Concern has been raised by wine producers about setting a minimum price for alcohol in France as politicians look to table an amendment on the issue.

It comes as Cyrille Isaac-Sibille, a politician for the MoDem party, has aimed to put an amendment into the Social Security Financing Bill (PLFSS) — created last year to strengthen preventative health outcomes in France —  and which would see a minimum price per unit of alcohol being introduced if adopted.

Issac-Sibille told Euroactiv that the move was “not a tax” but it “would preserve the wine industry while limiting alcohol-related deaths”.

Preventable deaths

According to figures, a minimum unit price for alcohol of €0.5 per alcohol unit would reduce cancer mortality caused by alcohol by 22%, and 41,000 preventable deaths each year in the country. France is also the fourth biggest consumer of alcohol.

The Mission interministérielle de lutte contre les drogues et les conduites addictives (MIDELA), an interministerial body against drugs and addictive behaviour, said that an MUP would guarantee a profit rise for independent wine producers, unlike a tax which would benefit the state.
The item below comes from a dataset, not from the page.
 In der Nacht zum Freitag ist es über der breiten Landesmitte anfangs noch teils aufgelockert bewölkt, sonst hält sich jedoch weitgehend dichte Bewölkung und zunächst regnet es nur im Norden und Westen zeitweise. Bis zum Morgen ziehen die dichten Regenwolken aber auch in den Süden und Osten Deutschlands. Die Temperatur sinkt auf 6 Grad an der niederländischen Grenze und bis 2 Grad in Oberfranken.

The body also argues that an MUP of €0.5 per unit of alcohol would mean a 15% reduction in consumer sales, and a 22% reduction in cancer-related mortality attributable to alcohol.

But The Times has reported that winemakers have said a minimum price would lead to a fall in sales, driving down their revenue further.
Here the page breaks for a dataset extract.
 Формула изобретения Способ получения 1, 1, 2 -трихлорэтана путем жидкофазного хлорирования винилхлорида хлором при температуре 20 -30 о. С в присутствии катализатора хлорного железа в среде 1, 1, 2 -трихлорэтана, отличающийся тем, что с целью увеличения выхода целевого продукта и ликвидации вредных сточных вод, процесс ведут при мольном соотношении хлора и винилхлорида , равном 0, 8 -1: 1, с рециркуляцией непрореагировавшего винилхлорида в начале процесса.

The news follows a similar discussion in the UK where a minimum unit price structure has already been put in place in Scotland. Indeed, Isaac-Sibille specifically wants to make the amendment due to the Scottish experience, where a study has claimed a 13.4% drop in the number of deaths attributable to alcohol consumption, and a 4.1% fall in the number of hospital admissions.

But in July, Tory MSP Dr Sandesh Gulhane wrote to the UK Statistics Authority calling for an investigation into the Public Health Scotland report, which claimed the MUP was having a “positive impact” on health outcomes. According to Gulhane, 32 of the 40 studies mentioned in the report don’t cite the health outcomes of MUP, and a further seven of the other eight studies into health outcomes reached negative or inconclusive verdicts. Only a single study, he claimed, said deaths might have been averted.

Another study earlier this year found that the alcohol sector hadn’t been negatively impacted by the MUP, though. It suggested the impact of lower volume sales were offset by the higher value of sales.

The report said: “There were one or two individual smaller or specialist retailers who perceived that MUP had reduced their revenues or profits or limited opportunities for growth, though not to an extent that affected staffing or store viability, while others reported no impact.”

But the Scotch Whisky Association, which mounted a legal challenge to the law, said the research was one part of an “overall evaluation”.